For utility-scale PV projects in Europe, the key to growth and success in the coming years may be in partnerships and consistency across both engineering, procurement and construction (EPC) and environmental, social and governance (ESG) frameworks, as legislators and utilities lag behind the industry’s rapid growth.

Speakers at the Solar Finance & Investment Europe 2023 conference, hosted by PV Tech publisher Solar Media in London this week, discussed the future of sustainable partnerships across the PV value chain in the opening panel on the second day of the event.

“The market is going faster than the politicians. Pinch points are coming from grid capacity connection, old legislation, and due to the unexpected market appetite there’s been a lack of components,” said Tim Day, investment fund manager and UK country manager at manufacturer Trina Solar.

In light of this, then, the onus is on the industry to secure its future and continue to develop significant, large-scale projects as consistently as possible.

Justin Thesiger, director of operations and asset management at Low Carbon – which has a stated target pipeline of 20GW of solar PV by 2030 – said: “We made the decision to try and standardise as much as possible. Obviously each site has its own peculiarities, but if you standardise as much as possible then your EPC actually contractor has less to do.

“In order to secure the arms and legs, the equipment, the cabling, everything else that is needed, we made the decision to do long-term strategic partnerships with key providers.”

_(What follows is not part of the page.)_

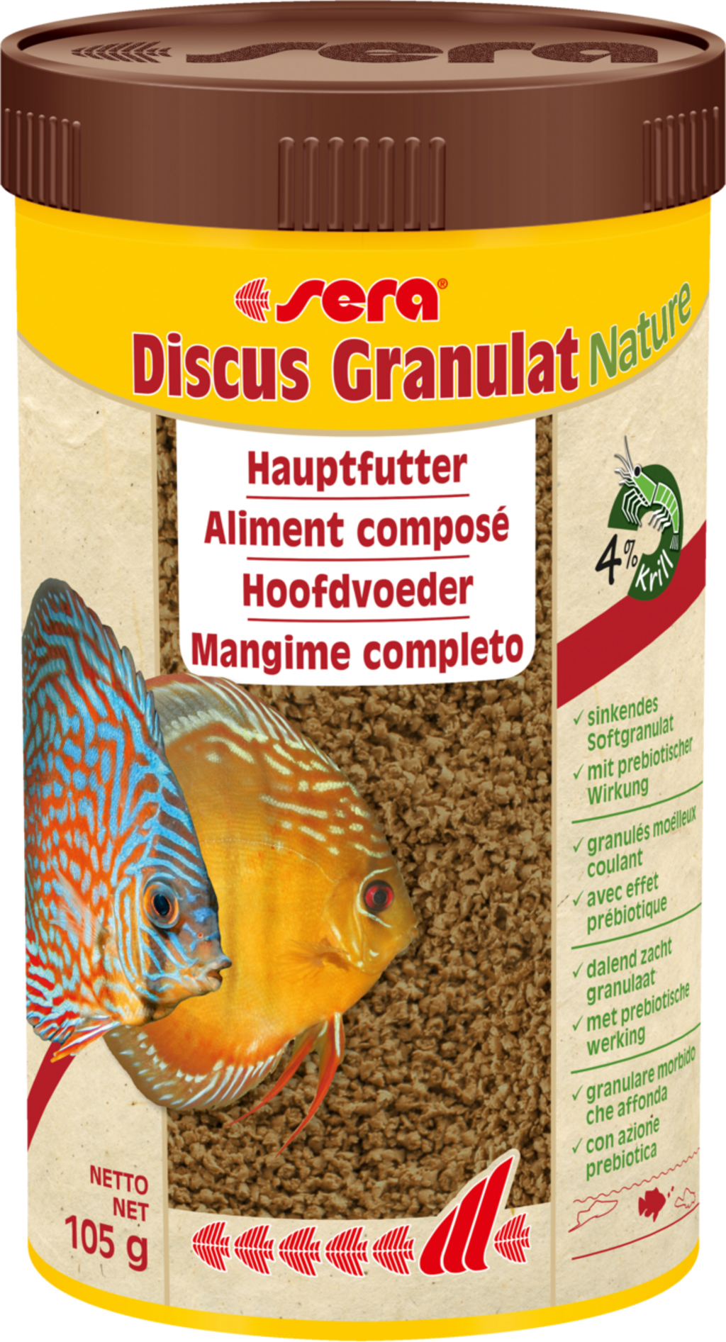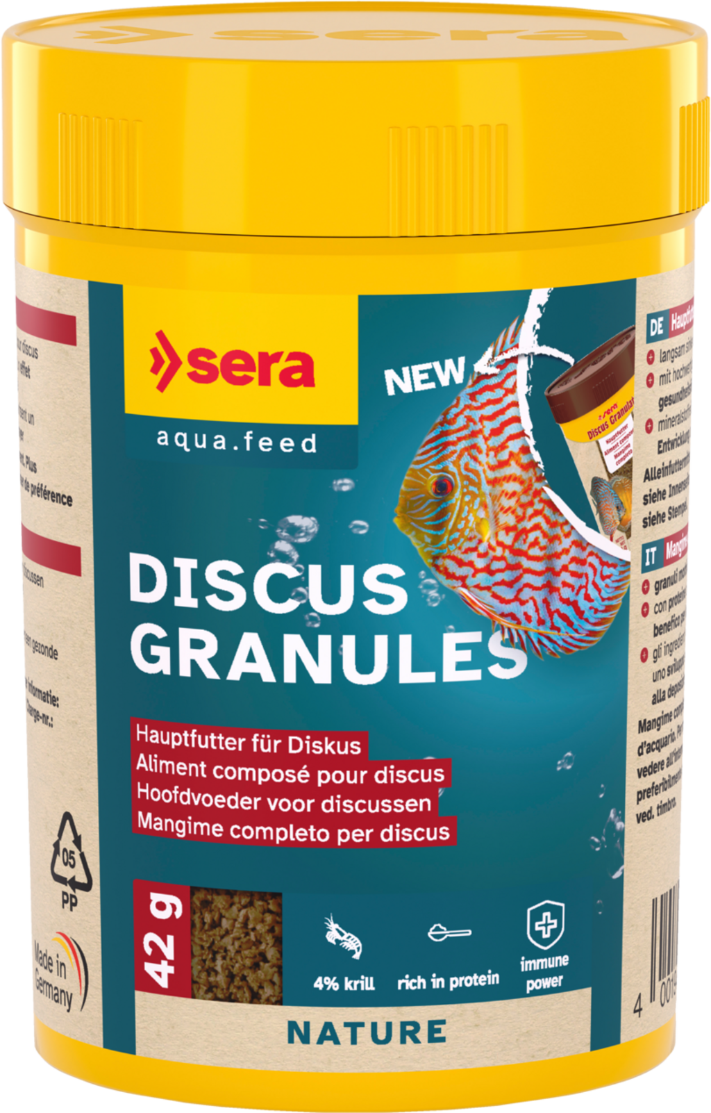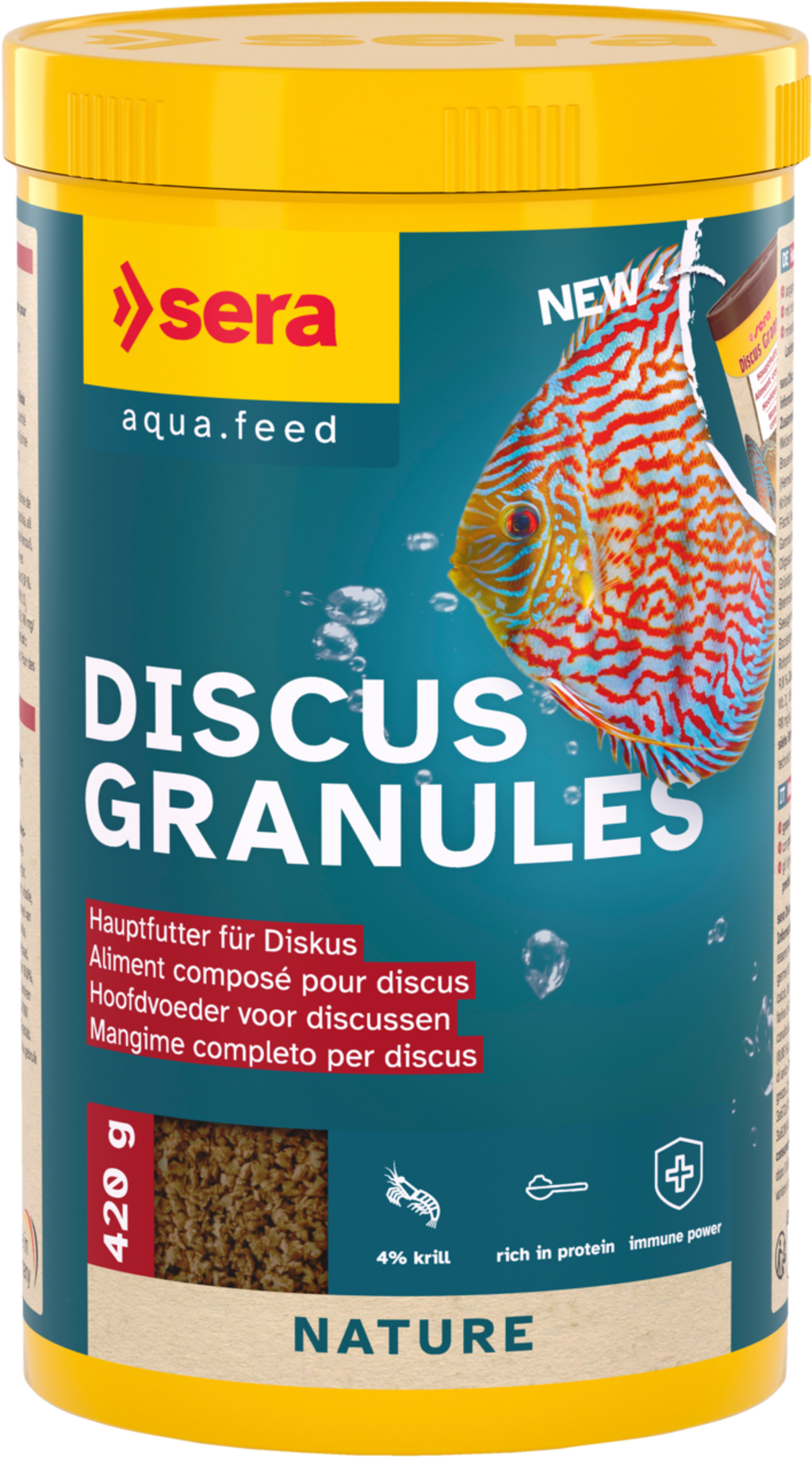 Mit Sera Discus Granulat verhelfen Sie Ihren Diskusfischen zu einem starken Immunsystem und einer verbesserten Fruchtbarkeit!

The stability of a long-term supply partnership can make the deployment and development of projects faster and simpler, and also serves to create more stable and secure supply chains. Developers with pipelines of multiple projects can benefit from this stability and relationship-building, Thesiger said, rather than operating on a project-by-project basis as the industry did in its more juvenile days.

Relationships like these are already making headlines, such as the one between US developer Silicon Ranch and module manufacturer First Solar, which have a standing 4.7GW supply deal in place over multiple years.  

The theme was extended to ESG concerns as well. “Especially as we start to see more pressure for reporting requirements in ESG, that close, intimate relationship is required to really extract the value, the clarity, the transparency of the underlying supply components and your underlying value chain,” said Ross Grier, UK managing director for NextEnergy Capital.

PV Tech Premium published a feature in December discussing the central role that ESG now plays for investors in solar projects, and the topic was frequently under discussion at the Solar Finance and Investment Europe conference.

“Everybody understands that, especially in things like the solar supply chain, that improving the ESG components is a journey,” Grier said, “to take the entire industry on a journey to drive pressure on manufacturers in the supply chain, to improve their own processes and systems, and collectively we solve the problem.”